Rússia amplia repressão e registra aumento histórico em casos de alta traição

Justiça russa passou classificar como 'alta traição' inclusive tentativas de fugir do país ou de transferir muito dinheiro para o exterior

O ano de 2023 marcou um aumento significativo no número de julgamentos por alta traição na Rússia. Até agora, os tribunais do país já processaram 70 casos do gênero, 37 deles julgados. Os números foram revelados na quinta-feira (21) pelo projeto de direitos humanos Primeiro Departamento, que ainda identificou outros episódios não registrados, o que leva o total para aproximadamente uma centena.

De acordo com relatório publicado pela entidade, a questão está diretamente relacionada à guerra com a Ucrânia e à forma como muitos russos têm reagido a ela, levando o governo a intensificar a repressão. Diante da insatisfação popular, o Judiciário apertou o cerco e tornou-se menos tolerante com ações que em outros tempos eram corriqueiras e não configurariam crime.

“O ‘limite da sensibilidade’ das forças de segurança está diminuindo rapidamente. A divulgação de notícias da Ucrânia, a transferência de várias centenas de rublos ou o desejo de deixar o país começaram a ser reconhecidos como alta traição”, disse o advogado do Primeiro Departamento Evgeny Smirnov.

O presidente da Rússia, Vladimir Putin: russos em fuga devido à guerra (Foto: Wikimedia Commons)

O levantamento aponta 63 processos por alta traição levados aos tribunais neste ano, 33 deles já julgados. Os outros sete casos, quatro julgados, foram enquadrados em um artigo diferente, porém equivalente, do Código Penal russo: “Cooperação numa base confidencial com Estado estrangeiro, organização internacional ou estrangeira”, inserido na lei somente no ano passado.

Estes, no entanto, são apenas os casos registrados oficialmente pelos tribunais russos. Investigação conduzida pelo Primeiro Departamento mostra muitos outros pendentes, levando o total para 98. E é possível que existam ainda mais, considerando o sigilo que vem sendo adotado principalmente em processos militares.

“Acredito que houve mais de cem casos de traição apresentados neste ano, e o número continua aumentando”, afirmou Smirnov.

Insatisfação popular

Não por acaso, a cidade campeã de casos foi Rostov-on-Don, no sul do país, com nove processos por traição abertos, três deles já julgados. Foi lá que o Wagner Group deu uma de suas mais importantes cartadas durante o motim de 23 de junho.

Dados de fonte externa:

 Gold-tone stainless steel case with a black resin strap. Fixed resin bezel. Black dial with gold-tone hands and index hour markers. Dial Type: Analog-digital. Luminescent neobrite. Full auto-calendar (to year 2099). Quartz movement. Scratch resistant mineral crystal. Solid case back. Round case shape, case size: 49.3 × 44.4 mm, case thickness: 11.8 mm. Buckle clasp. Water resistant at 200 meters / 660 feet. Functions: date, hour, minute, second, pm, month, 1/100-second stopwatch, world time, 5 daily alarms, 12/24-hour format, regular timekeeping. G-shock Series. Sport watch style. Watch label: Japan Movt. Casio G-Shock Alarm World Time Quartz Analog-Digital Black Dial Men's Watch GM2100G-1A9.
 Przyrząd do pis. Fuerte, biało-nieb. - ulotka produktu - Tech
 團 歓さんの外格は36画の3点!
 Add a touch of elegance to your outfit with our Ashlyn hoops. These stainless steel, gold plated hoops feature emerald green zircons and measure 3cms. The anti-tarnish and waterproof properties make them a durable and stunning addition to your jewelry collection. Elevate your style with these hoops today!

Foi após assumirem o controle de Rostov-on-Don que os mercenários iniciaram a marcha rumo a Moscou, interrompida somente graças a um acordo medida pelo presidente de Belarus, Alexander Lukashenko, um importante aliado do homólogo russo Vladimir Putin.

Em julho deste ano, em artigo para o think tank Foreign Policy Research Institute, o analista Colin P. Clarke afirmou que os combatentes do Wagner Group tiveram “boas-vindas de heróis” na cidade, um importante foco de insatisfação com o governo.

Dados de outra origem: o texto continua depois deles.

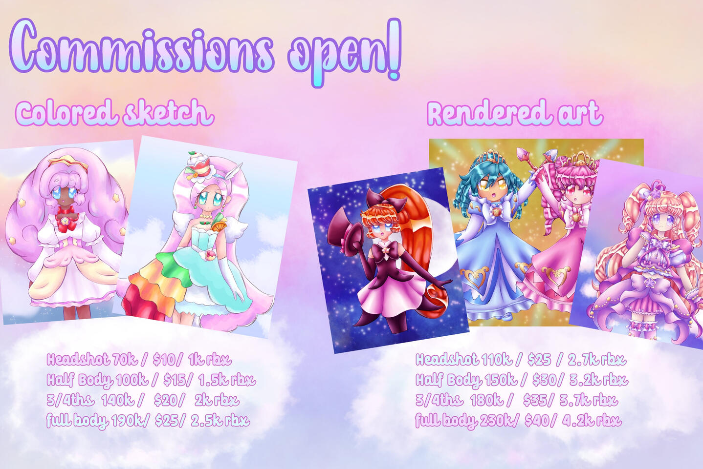 -Payment paid with paypal or RHD after the sketch is done-Payment is in USD, RHD, or robux-I have the right to decline any commission-Refunds are only allowed before I finish Lineart sketch after that I will not be accepting refunds-Personal usage of my art is allowed - commercial usage will cost 15% more than the base price-Prices can change depending on the complexity of the art-My usually turn around time is 2-4 weeks-feel free to ask for updates at anytime or if you want edits made to the pieceThank you for your interest in commissioning me!
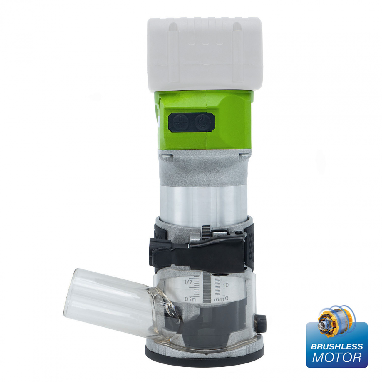 Výkonný bezuhlíkový motor: Bezkartáčový motor zajišťuje vysoký výkon pro hladké frézování, delší životnost stroje, efektivnější využití energie baterie a minimalizuje údržbu.
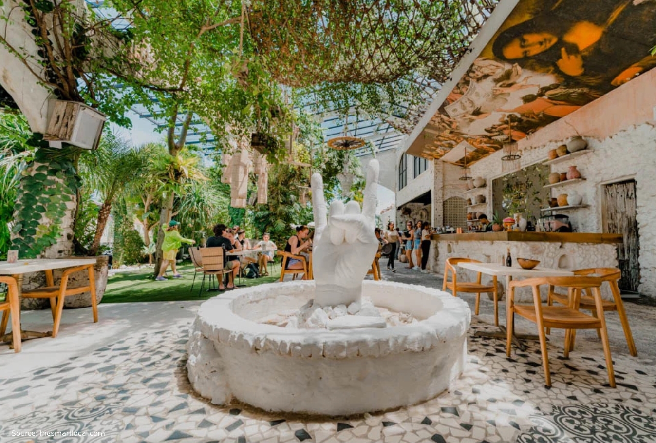 Jungle Fish near Ubud is a relaxed pool bar surrounded by nature. Itโs popular for lifestyle, fashion, and travel photos.
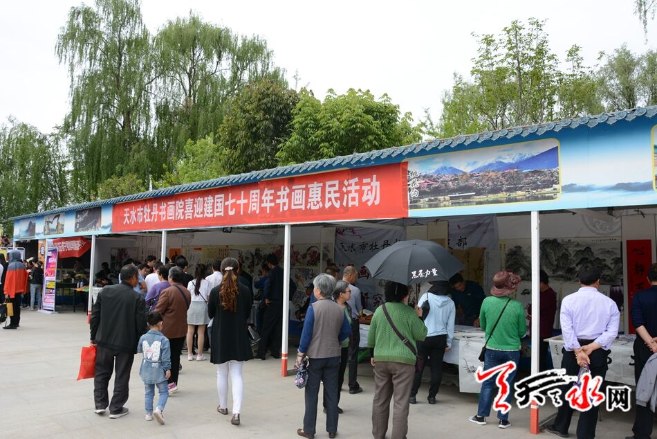 麥積區(qū)第三屆郁金香展書(shū)畫(huà)作品展和天水市牡丹書(shū)畫(huà)院喜迎建國(guó)七十周年書(shū)畫(huà)惠民活動(dòng)也為花卉展增添了一抹亮麗色彩,在游園賞花的同時(shí),也能近距離看到各位書(shū)畫(huà)愛(ài)好者現(xiàn)場(chǎng)作畫(huà),感受到中國(guó)傳統(tǒng)文化的魅力。
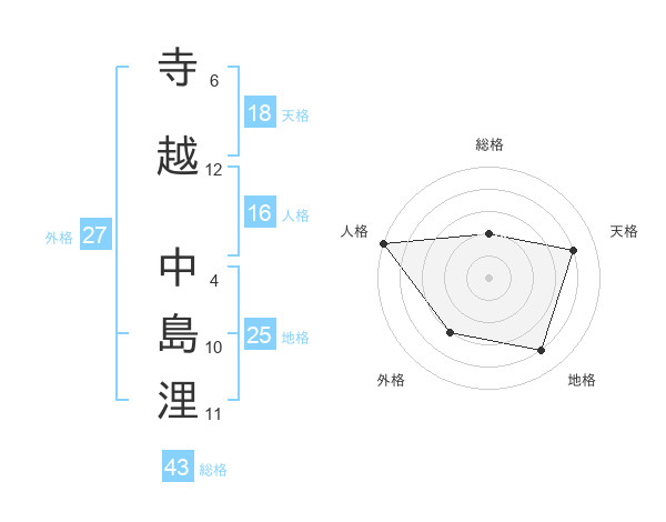寺越 中島浬さんを姓名の画数から五運を鑑定

“Os russos locais trouxeram comida e água para os combatentes e entoaram o nome do Wagner, indiscutivelmente a marca mercenária mais reconhecida do mundo, uma fonte de orgulho para muitos nacionalistas russos”, diz Clarke na publicação.

Críticas à guerra

Um figura conhecida que foi julgada e condenada por traição é o jornalista Vladimir Kara-Murza, sentenciado a 25 anos de prisão no início deste ano como parte dos esforços do governo russo para reprimir a dissidência. Em julgamento a portas fechadas, ele foi considerado culpado por disseminar “informações falsas” sobre o exército russo e por ter conexões com uma “organização indesejável.”

Kara-Murza é um jornalista e ativista da oposição que possui cidadania russa e britânica. Ele sobreviveu a dois envenenamentos, em 2015 e 2017, que ele acredita terem sido realizados pelo Kremlin, embora as autoridades russas neguem envolvimento. Ele também era um colaborador próximo do líder da oposição Boris Nemtsov, assassinado em Moscou em 2015.

Para aqueles julgados e condenados neste ano, caso do jornalista, a situação é consideravelmente mais difícil porque a pena prevista em lei aumentou bastante. Antes, o limite era de 20 anos de prisão, mas desde abril os réus acusados de traição podem ser sentenciados até à prisão perpétua.

E, segundo projeção de Dmitry Zair-Bek, chefe do Primeiro Departamento, a situação não vai melhorar em 2024. “Definitivamente haverá mais vereditos em casos de traição no próximo ano”, disse ele.